> **Action item**:
All of the lines below are to be transcribed faithfully, with pictures excluded from the copy.
═══ Exercise inputs ═══
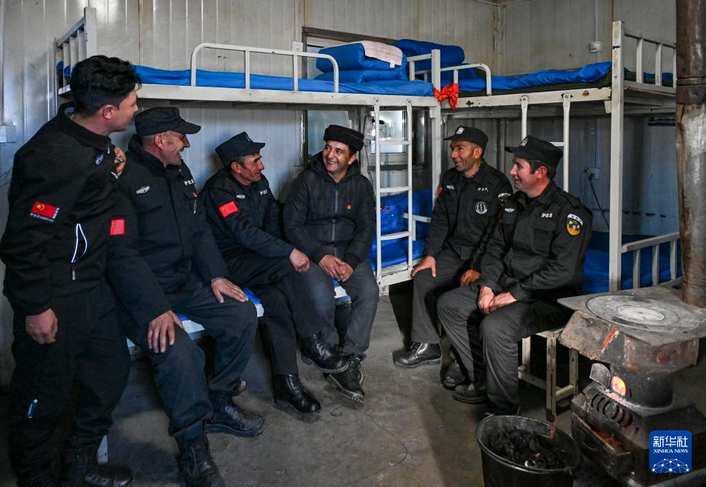 在中國-塔吉克斯坦邊境地區(qū)的一處執(zhí)勤點,多來提曼·開米克(右三)同本村護邊員交流(2025年1月9日攝)。
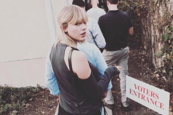 Penyanyi Taylor Swift mengunggah fotonya yang terlihat sedang mengantri menuju bilik suara. Dia kemudian menuliskan "Hari ini adalah waktunya. Keluar dan berikan suara".
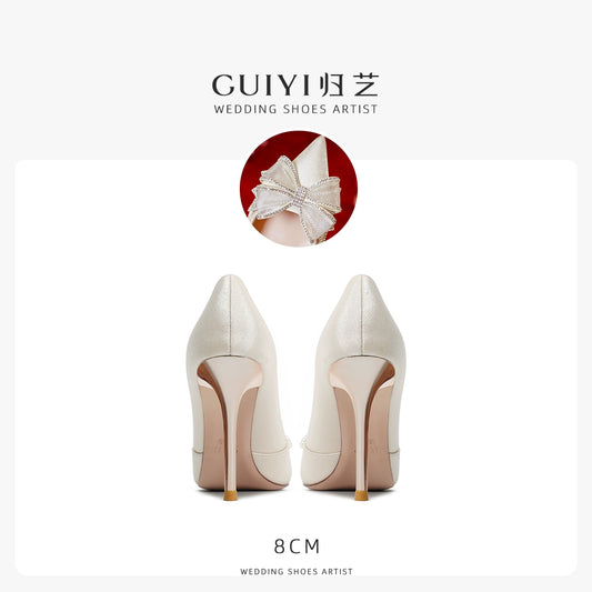 归艺主婚纱婚鞋女新款水晶蝴蝶结新娘鞋白色法式婚礼不累脚高跟鞋
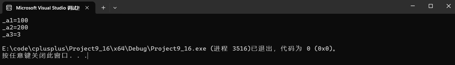 #include<iostream> using namespace std; class A { public: A():_a1(100),_a2(200) {} void Print() { cout << "_a1=" << _a1 << endl; cout << "_a2=" << _a2 << endl; cout << "_a3=" << _a3 << endl; } private: int _a1 = 1; int _a2 = 2; int _a3 = 3; }; int main() { A a; a.Print(); return 0; }输出如下所示:
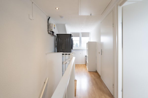 De eerste verdieping biedt drie slaapkamers en een moderne badkamer. De tweede verdieping heeft nog eens twee slaapkamers, met veel daglicht door dakkapellen. Verwarming gaat via een CV-ketel en er zijn diverse energiebesparende voorzieningen.
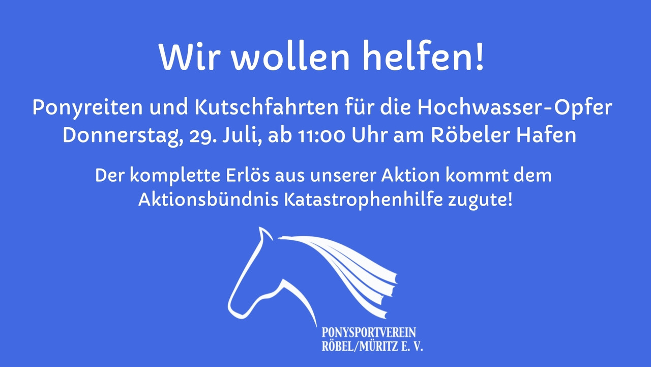 Die Bilder und Nachrichten aus den Hochwassergebieten machen sehr betroffen. Um den Menschen in den von der Hochwasser-Katastrophe betroffenen Gebieten zu helfen, hat der Ponysportverein Röbel/Müritz e.V. kurzfristig beschlossen, eine Spendenaktion durchzuführen.
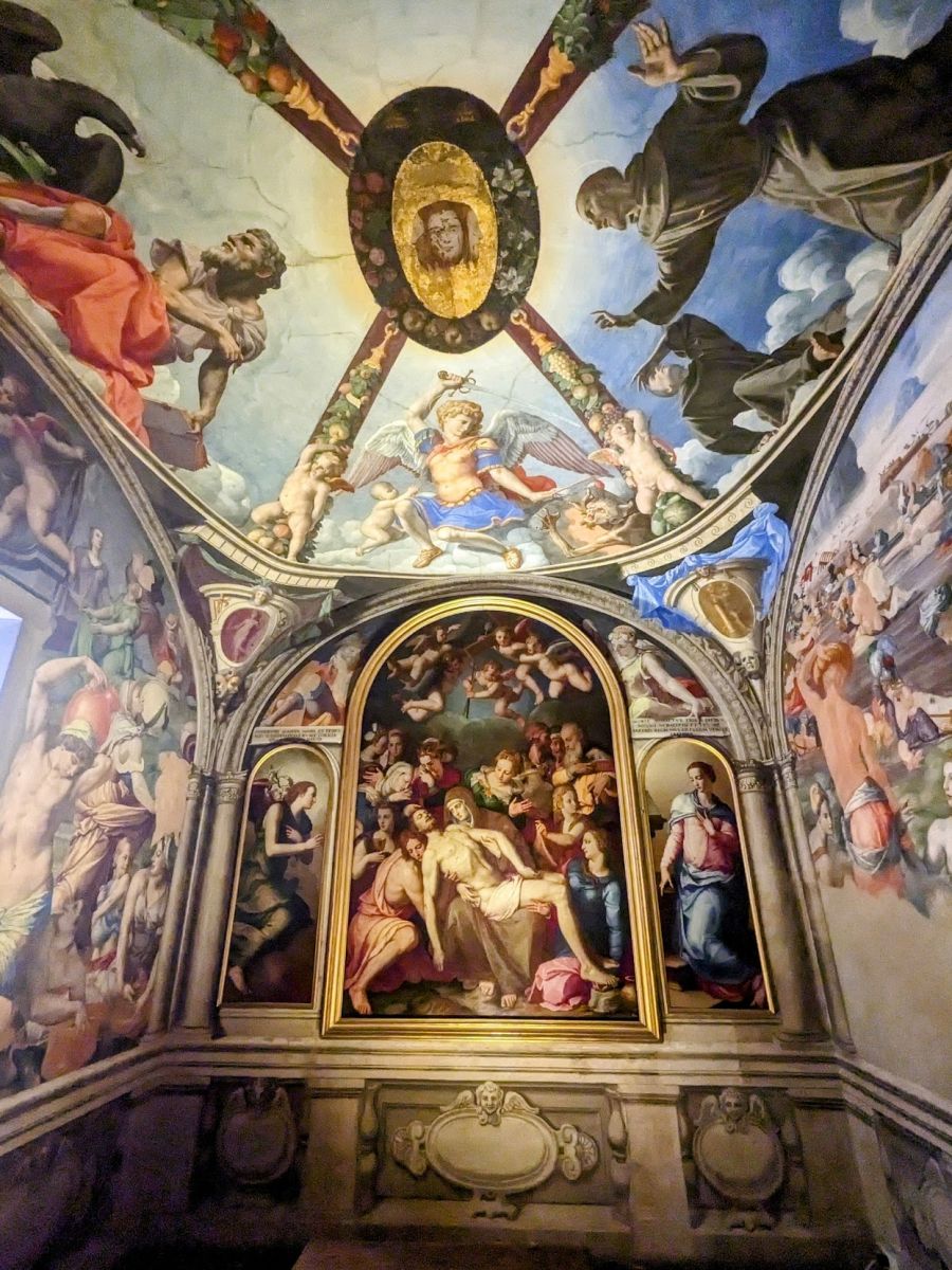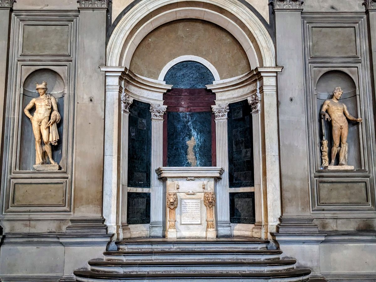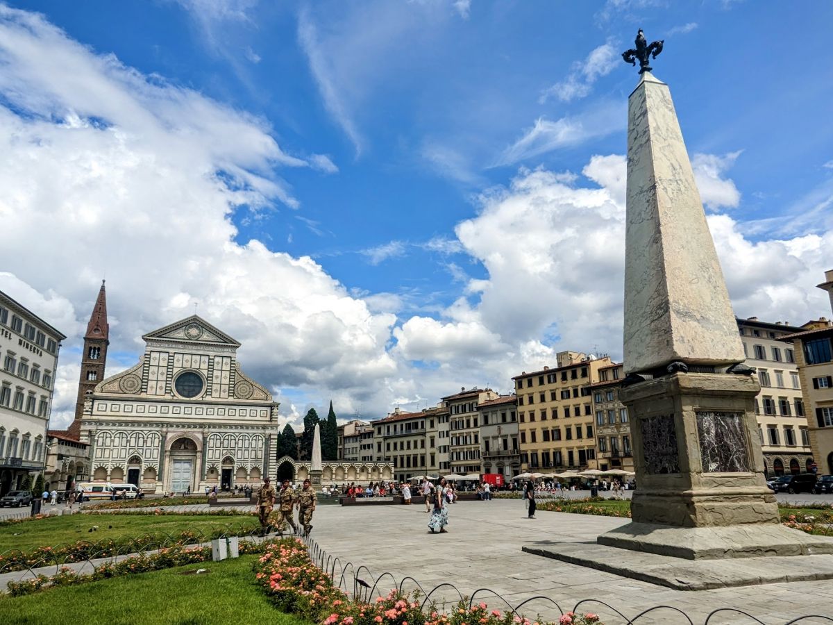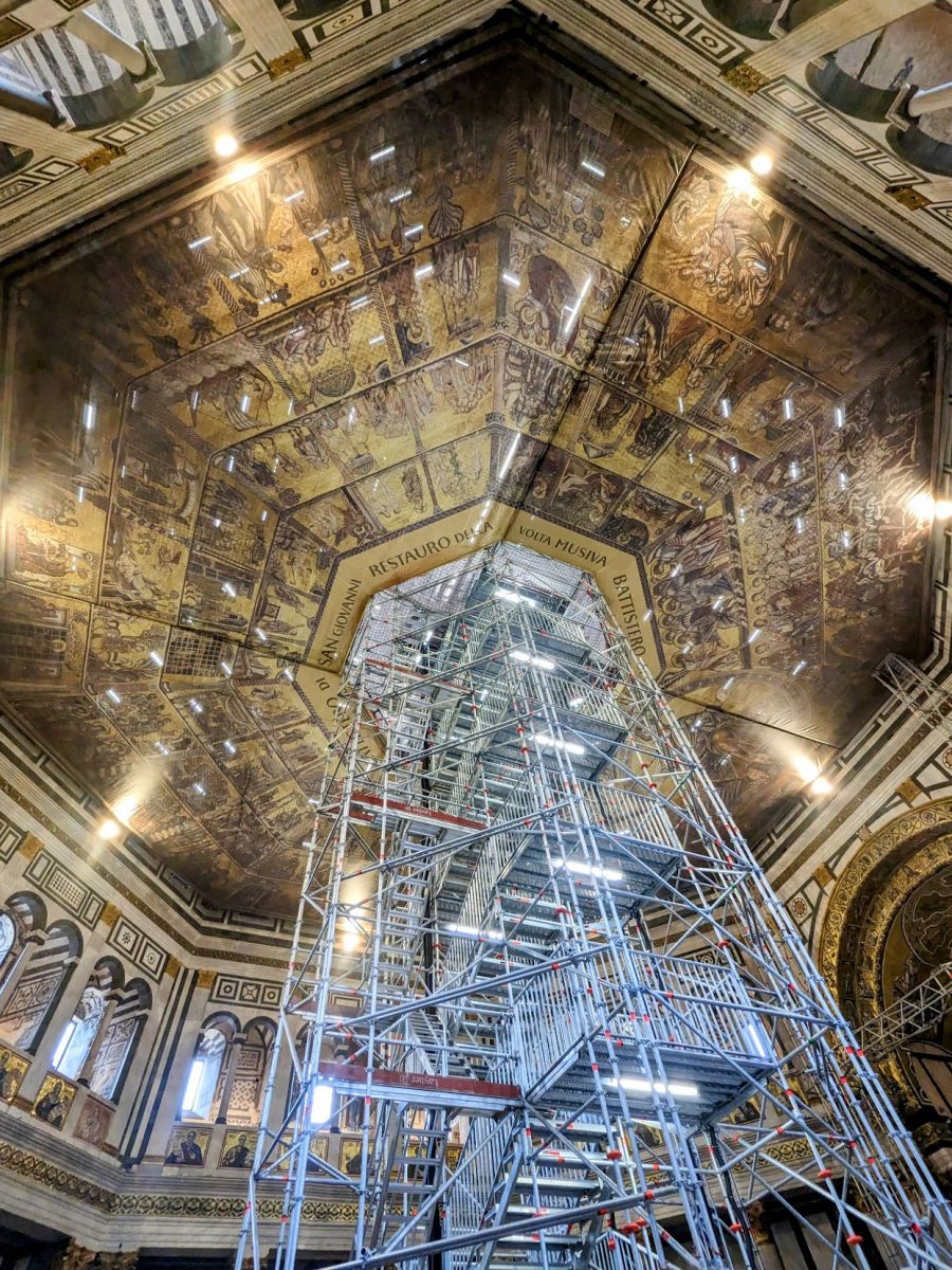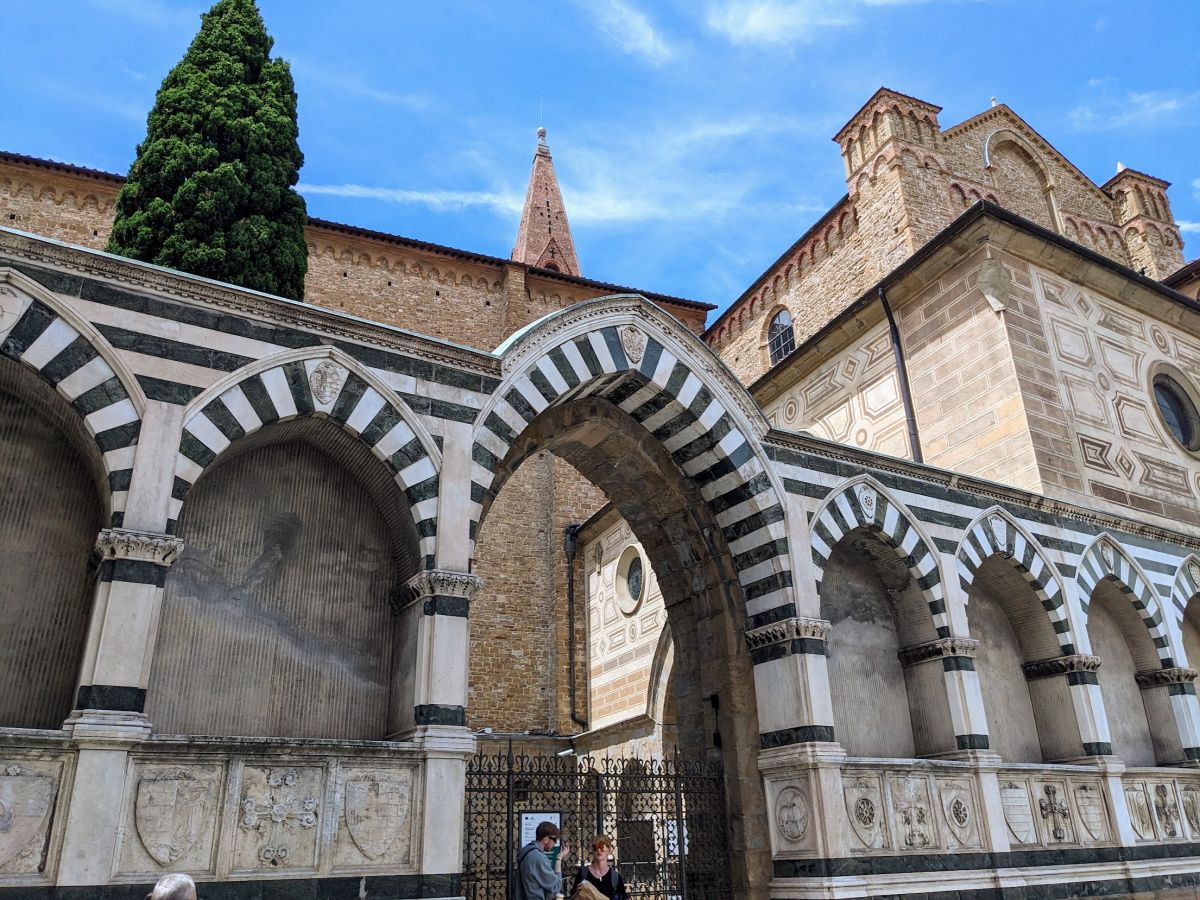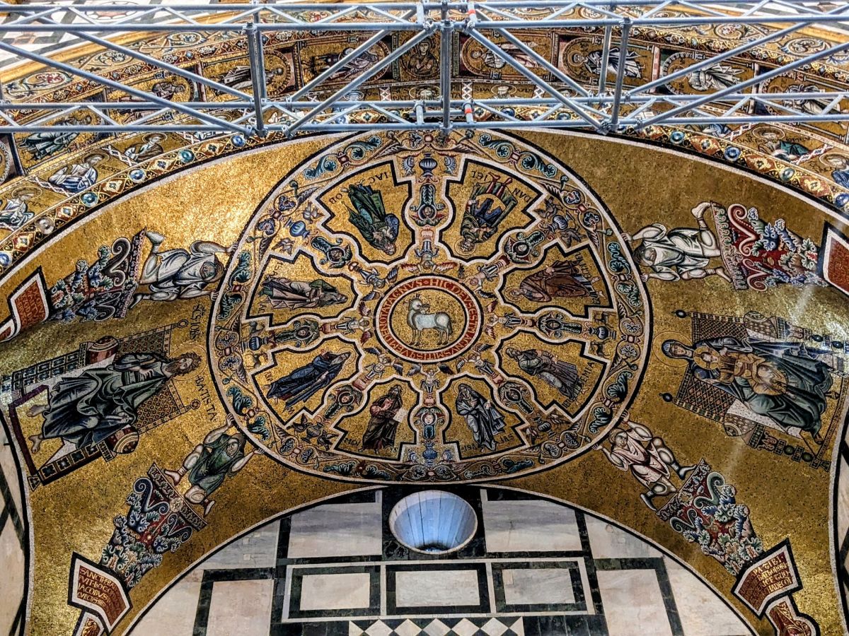 After our mid-morning snack, we headed to the Baptistery of St. John, which is in the Piazza del Duomo. The ceiling was undergoing restoration, but it was still very much worth a visit. It’s one of the oldest buildings in the city, built between 1059 and 1128. Up until 1935, all Florentines were baptized there, including Dante Alighieri, Amerigo Vespucci, and members of the Medici family. The architecture, both inside and out, is extraordinary, taking inspiration from the Roman Pantheon and adding many unique touches. The artwork and sculptures are not to be missed, and there are several sarcophagi and other tombs inside, including the Tomb of Antipope John XXIII. The exterior doors are also great works of art. The south doors present 20 scenes of John the Baptist, the patron saint of Florence. The north doors, designed by Ghiberti, depicts the life of Christ in 20 panels. The east doors, also by Ghiberti, depict stories from the Old Testament beginning with the Creation of Adam and Eve and end with the meeting of King Solomon and the Queen of Sheba. The east doors have become known as the “Gates of Paradise” after Michelangelo said they were so beautiful that “they might fittingly stand at the gates of Paradise.”
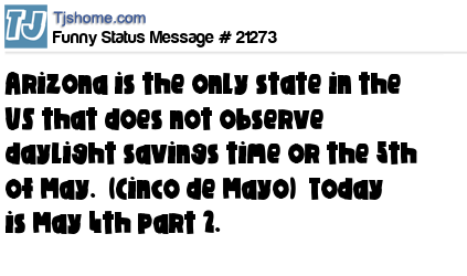 X says Arizona is the only state in the US that does not observe daylight savings time or the 5th of May. (Cinco de Mayo) Today is May 4th part 2.
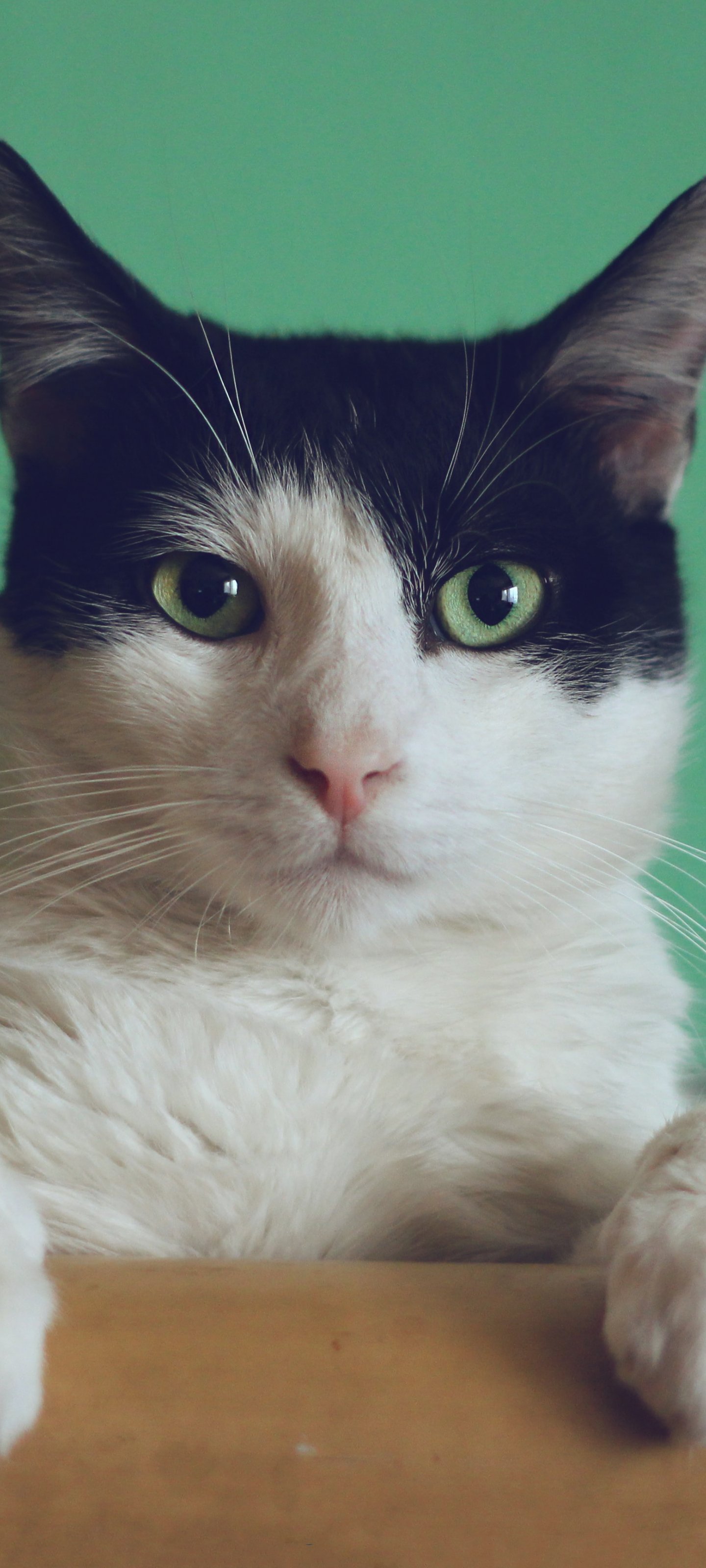 Обои: кот, зеленые глаза - 1440x3200
═══
> **Reply**:
 在中國-塔吉克斯坦邊境地區(qū)的一處執(zhí)勤點,多來提曼·開米克(右三)同本村護邊員交流(2025年1月9日攝)。
 Penyanyi Taylor Swift mengunggah fotonya yang terlihat sedang mengantri menuju bilik suara. Dia kemudian menuliskan "Hari ini adalah waktunya. Keluar dan berikan suara".
 归艺主婚纱婚鞋女新款水晶蝴蝶结新娘鞋白色法式婚礼不累脚高跟鞋
 #include<iostream> using namespace std; class A { public: A():_a1(100),_a2(200) {} void Print() { cout << "_a1=" << _a1 << endl; cout << "_a2=" << _a2 << endl; cout << "_a3=" << _a3 << endl; } private: int _a1 = 1; int _a2 = 2; int _a3 = 3; }; int main() { A a; a.Print(); return 0; }输出如下所示:
 De eerste verdieping biedt drie slaapkamers en een moderne badkamer. De tweede verdieping heeft nog eens twee slaapkamers, met veel daglicht door dakkapellen. Verwarming gaat via een CV-ketel en er zijn diverse energiebesparende voorzieningen.
 Die Bilder und Nachrichten aus den Hochwassergebieten machen sehr betroffen. Um den Menschen in den von der Hochwasser-Katastrophe betroffenen Gebieten zu helfen, hat der Ponysportverein Röbel/Müritz e.V. kurzfristig beschlossen, eine Spendenaktion durchzuführen.
 After our mid-morning snack, we headed to the Baptistery of St. John, which is in the Piazza del Duomo. The ceiling was undergoing restoration, but it was still very much worth a visit. It’s one of the oldest buildings in the city, built between 1059 and 1128. Up until 1935, all Florentines were baptized there, including Dante Alighieri, Amerigo Vespucci, and members of the Medici family. The architecture, both inside and out, is extraordinary, taking inspiration from the Roman Pantheon and adding many unique touches. The artwork and sculptures are not to be missed, and there are several sarcophagi and other tombs inside, including the Tomb of Antipope John XXIII. The exterior doors are also great works of art. The south doors present 20 scenes of John the Baptist, the patron saint of Florence. The north doors, designed by Ghiberti, depicts the life of Christ in 20 panels. The east doors, also by Ghiberti, depict stories from the Old Testament beginning with the Creation of Adam and Eve and end with the meeting of King Solomon and the Queen of Sheba. The east doors have become known as the “Gates of Paradise” after Michelangelo said they were so beautiful that “they might fittingly stand at the gates of Paradise.”
 X says Arizona is the only state in the US that does not observe daylight savings time or the 5th of May. (Cinco de Mayo) Today is May 4th part 2.
 Обои: кот, зеленые глаза - 1440x3200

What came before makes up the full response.